Как-то неестественно отставив правую ногу, он наклонился и достал с нижней полки кухонного стола два стакана. Сначала он громко дунул в каждый из них. Но потом, как бы не доверяя этому способу дезинфекции, он смачно плюнул на дно каждого и, достав из брюк угол клетчатой рубашки, насухо вытер им стаканы. Удовлетворённо рассмотрев на свет лампочки свою работу, парень громко и одновременно поставил сосуды на уже сервированный стол. Потом плюхнулся на табурет, поставив правую ногу на пятку, торжественно посмотрел на Алексея Алексеевича и открыл крышку кастрюли. И жёлто-белая картошечка, плавая в горячем маслице, покрываясь тяжёлой испариной, вздохнула накрахмаленным бельишком и как бы сказала: «Фууууу! Товарищи! Ну наконец-то! Налетай!» Но, оказалось, к трапезе были готовы не все присутствующие.
– Ну? – решив не портить соседу настроение, задал ёмкий вопрос парнишка.
– Не понял? – искренне не понял Алексей Алексеевич, сглатывая слюну.
– Наливать-то уже можно, мужчина! – нараспев объявил хозяин ужина.
Алексей Алексеевич как-то неуклюже засуетился, проклиная себя за недогадливость, подскочил с дивана, чуть не опрокинув банку с огурцами, и на радостях налил почти по полному.
– Ого! – удивился щедрости парнишка. – Тогда предлагаю первый тост «за знакомство». Вот как, например, вас звать-величать?
– Алексей Алекс…
– Да ладно! – восторженно заорал новоиспечённый собутыльник. – Я ж тоже Лёха! Тёзки значит! Давай краба, Алексей!
Мужчины пожали друг другу жирные от селёдки руки, выпили по одной трети стакана коньяку и навалились на картошечку. Потом, конечно, были тосты за родителей, третий – за тех, кто в море (оказалось, что Алексей на Северном флоте служил). И как-то селёдочка и огурчики солёные очень даже замечательно пошли после французского пойла. Разговоры сначала были ни о чём.
– Я, Алексей, всегда огурчики покупаю. Как закусь они классные и на утро рассольчик организм оттягивает, – говорил Лёха. – Из отходов – одна банка.

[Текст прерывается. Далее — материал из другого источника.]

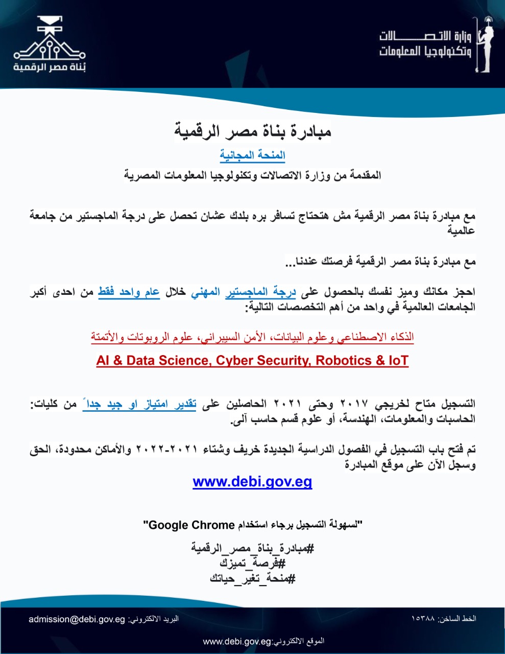 Ministry of Communication and information technology announces the training initiative “Digital Egypt Builders to train graduates in cooperation with global companies to obtain the professional Master degree within one year from one of the international Universities in the following specialties: Artificial intelligence, Data Science, cybersecurity, robotics and automation sciences, registration is available for graduates of 2017 to 2021 who evaluated as “Excellent” or “very good” for more details, enter on the following link:
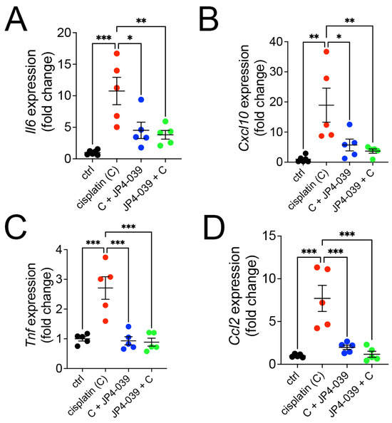JP4-039 treatment reduced intrarenal infiltration of inflammatory cells triggered by tubular cell death. (A–D) Evaluation of the expression of several inflammatory genes—Il6 (A), Cxcl10 (B), Tnf (C), and Ccl2 (D) by qPCR reveals a robust inflammatory signaling in cisplatin AKI, which is suppressed in mice co-treated with JP4-039. (A–D) Data are presented as the mean ± SEM. One way-ANOVA with Tukey’s post hoc analysis, * p < 0.05, ** p < 0.01, *** p < 0.001, n = 5 per group.
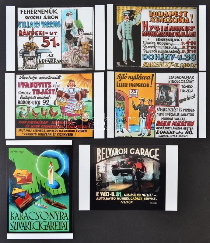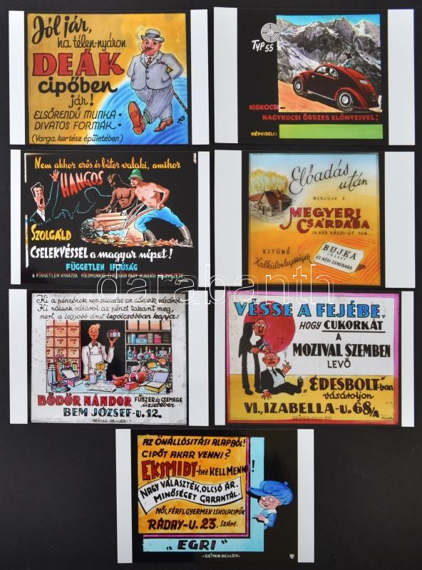 cca 1940 Árucikkek, szolgáltatások reklámja, 13 db modern nagyítás korabeli üveglemez diapozitívokról, amelyeket mozikban vetítettek a nagyfilmek előtt, Fekete György (1904-1990) budapesti fényképész hagyatékból, 10x15 cm

– А я как-то говорю Ирке, ты, мол, лучка больше в селёдочку режь. Классно же! А она типа – сам режь, тогда на диване спать будешь. Представляешь, Лёх? – выруливал на тему закуски теперь уже Алексей.
Последнюю картоху со дна кастрюли не взял никто. И не потому, что «конина» закончилась. Просто уже из уважения друг к другу. Закурили.

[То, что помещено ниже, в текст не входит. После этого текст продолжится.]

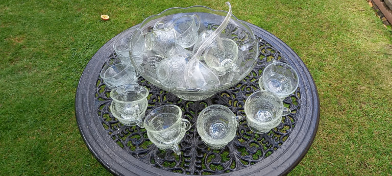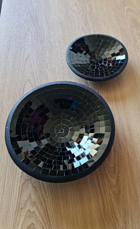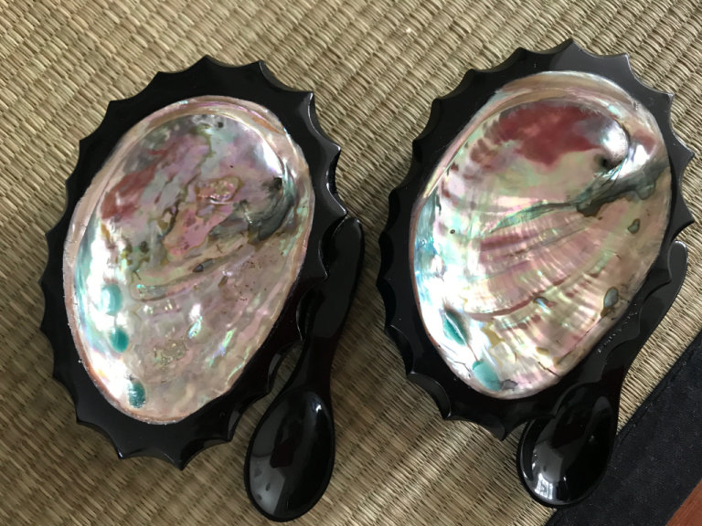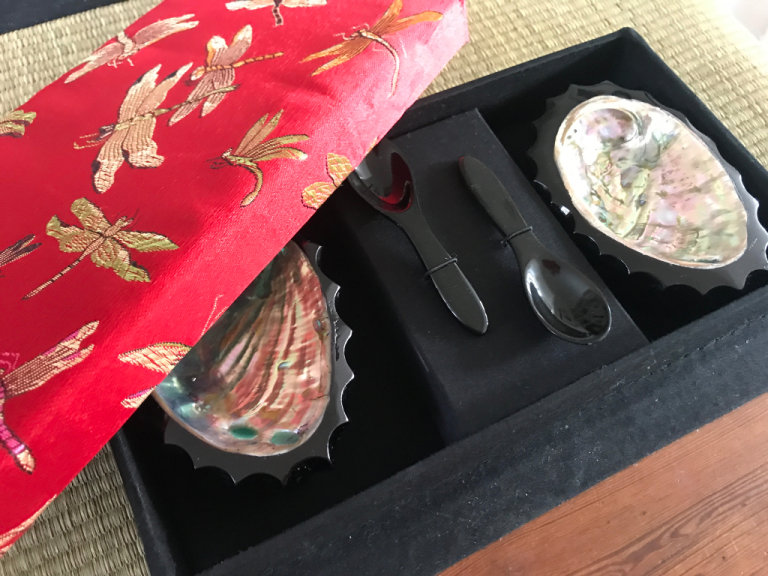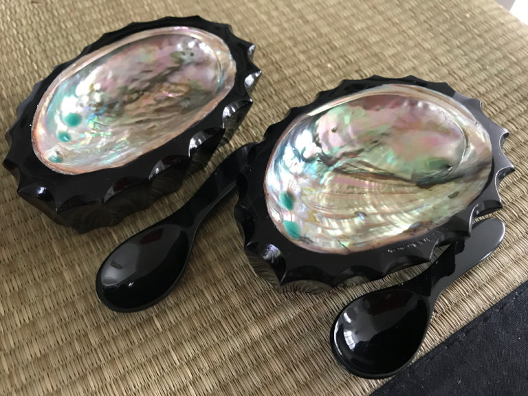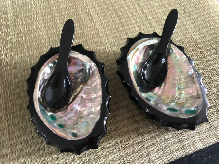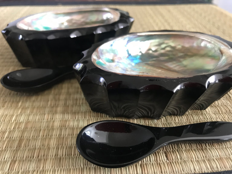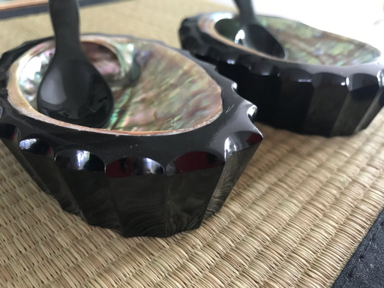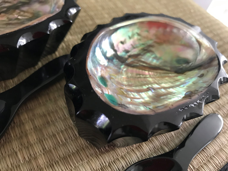 Mother of pearl containers with black lacquer moulding and lacquer spoons.

– Ты это, Алексей. Расскажи, что у тебя? Чего ты вдруг? Может, легче станет перед… – первым предложил Лёха, нервно покашливая.

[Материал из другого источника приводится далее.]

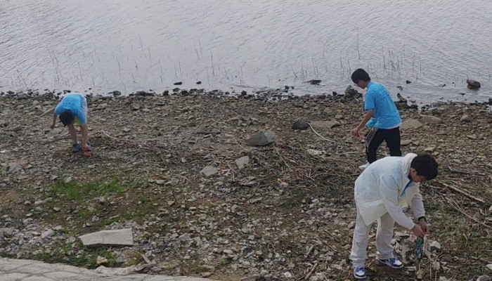 圖6成員在水庫邊撿拾垃圾

– Нет, Лёх. Не буду. Не нужно тебе этого, да и не поймёшь. Лучше о себе расскажи. Как ты очутился за этим одеялом-то? – равнодушным тоном спросил Алексей, пытаясь не фокусировать свой взгляд на неестественно тонкой правой ноге Лёхи.
– А чё там. Я ж сирота. Отца вообще не знал. А мамаша – алкоголичка. Никому я был не нужен. Помню, детки уже в тёплых сапожках ходят, а я всё по ледяным лужам босиком бегаю, пятки о первый лёд режу. Под кухней фабричной столовой с бидончиком стоял. Мне туда сливали, кто чё не доел. Отобрали меня у мамки и в детский дом. А там что? Лучше ты думаешь? Повара да воспитатели домой сумки с мясом и повидлом таскали, а мы рахитами росли. Трудовик с физруком заставляли нас милостыню просить на вокзалах и рынках. И чем хуже мы выглядели, тем ценнее для них были. Вот голодом-то и морили. А кто мало приносил, истязали нещадно. После школы из детского дома сразу в армию загребли. Я на второй год оставался. Болел. Физрук почки отбил за то, что сто рублей себе оставил. Хотели в кино с пацанами сходить, на «Анну Каренину» по Фёдору Михалычу Достоевскому. Так что пришла повестка прямо на выпускные экзамены. Военком мне тогда сказал: «Ну ты Лёха фартовый!» После выпускного бала сразу проводы. В учебке на учениях бросали боевые гранаты. А она у меня возьми и выпади из рук прямо под ноги. Правую ногу по колено оторвало и почему-то два пальца на левой руке. Прикинь! Как так-то? Но ротный сказал: «Ты Лёха фартовый! Могло бы и вторую ногу, а тут только пальцы на руке. Всего-то!» И в госпитале тоже! – рассмеялся счастливый Лёха, – хирург после операции говорит: «Фартовый ты парень, Лёха! Спасли мы тебе яйца! Размножайся, пацанчик!»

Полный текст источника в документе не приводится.